Perguntas frequentes
O que significa quando uma operadora não exibe chamada verificada em chamadas legítimas?
Significa que a chamada legítima chegou ao destino sem o selo de autenticação STIR/SHAKEN. Isso ocorre quando o header Identity é removido, ignorado ou não gerado em algum ponto do percurso SIP, como no SBC de origem ou no tronco intermediário, resultando em exibição genérica ou bloqueio.
Quais critérios técnicos devo verificar quando uma operadora não exibe chamada verificada?
Os critérios principais são: assinatura STIR/SHAKEN válida no tronco de origem, com header Identity presente e verificado; suporte nativo a RCD pela operadora de destino; e integridade da cadeia de sinalização SIP. A falha em qualquer um desses elos derruba o selo, mesmo que os demais estejam corretos.
Qual a diferença entre operadora que exibe chamada verificada e outra que não exibe?
A diferença está na cadeia de sinalização SIP, não no terminal do usuário. A operadora que exibe recebeu e validou o header Identity com assinatura STIR/SHAKEN. A que não exibe provavelmente aplicou filtro anti-spam antes de repassar a autenticação, descartou a chamada ou recebeu sinal sem a assinatura de origem.
Qual o custo de corrigir o problema de operadora não exibe chamada verificada?

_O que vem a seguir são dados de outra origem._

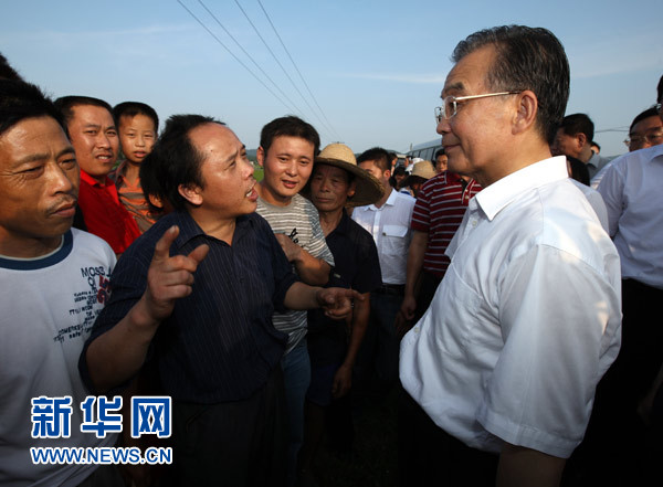 7月1日下午,中共中央政治局常委、國務院總理溫家寶來到湖南考察防汛抗洪工作。圖為陳凱旋擠到總理面前說:“溫總理,我向您反映一個問題!毙氯A社記者姚大偉攝

O custo não está no artigo, mas a correção envolve configurar autenticação STIR/SHAKEN no SBC de origem e garantir propagação correta do header Identity. Isso pode exigir investimento em infraestrutura de sinalização e adequação regulatória, mas o artigo não detalha valores específicos.
Como implementar autenticação para evitar que operadora não exiba chamada verificada?

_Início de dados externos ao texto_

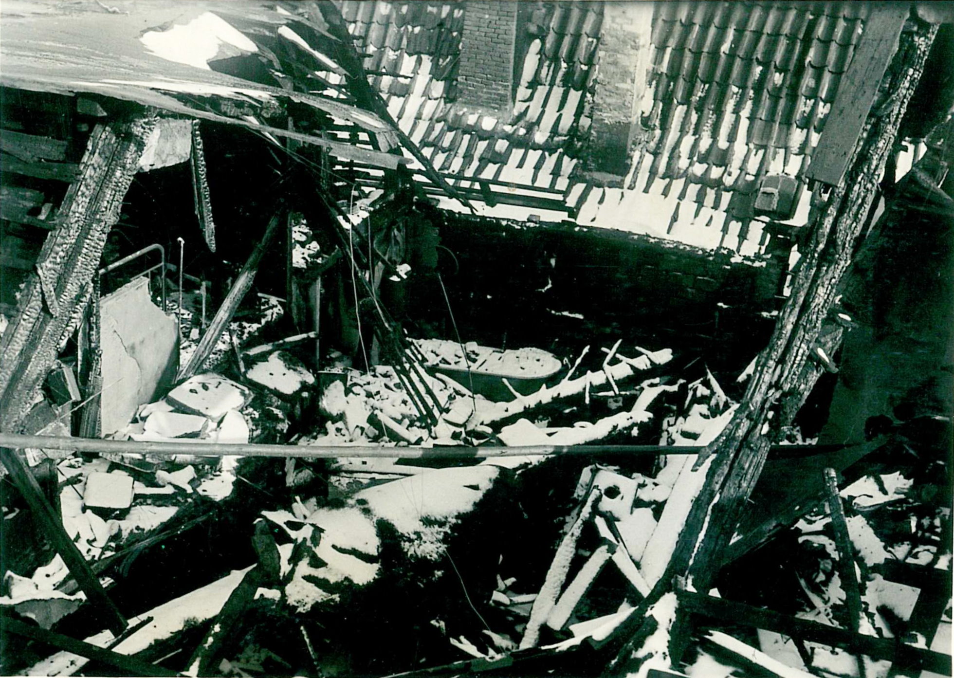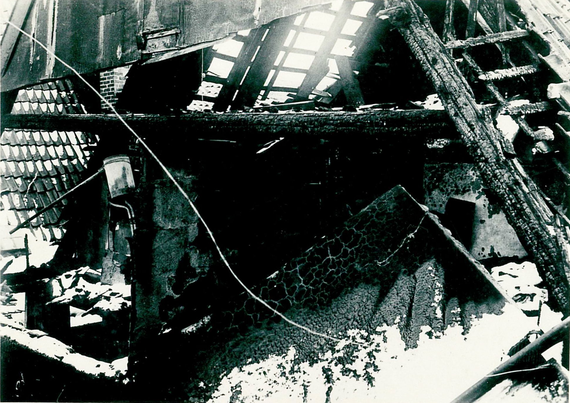 Eine andere Abteilung der Wehr hatte unterdeß den Brand tatkräftig in Angriff genommen. Die Türen wurden gesprengt und Fenster ausgehoben, um an den Brandherd herankommen zu können. Das erste Wasser wurde den Hydranten am Marktplatz und bei Gebr. Röhrs entnommen und das Feuer nach der Straßenseite zu abgeriegelt. In der Zwischenzeit hatte die Motorspritze, der bald

Autentique todos os troncos SIP com STIR/SHAKEN antes do primeiro salto, aplicando a assinatura do header Identity na origem. Se qualquer tronco secundário encaminhar chamadas sem essa assinatura, a operadora de destino não exibirá a marca. A implementação exige configurar o SBC de origem corretamente.
Qual o papel do SBC e do STIR/SHAKEN quando operadora não exibe chamada verificada?
O SBC de origem é responsável por inserir o header Identity com token assinado via STIR/SHAKEN. Se o SBC não assina ou remove a autenticação, a operadora de destino não valida a origem e pode descartar a chamada. O papel do SBC é garantir a integridade do header em toda a cadeia SIP.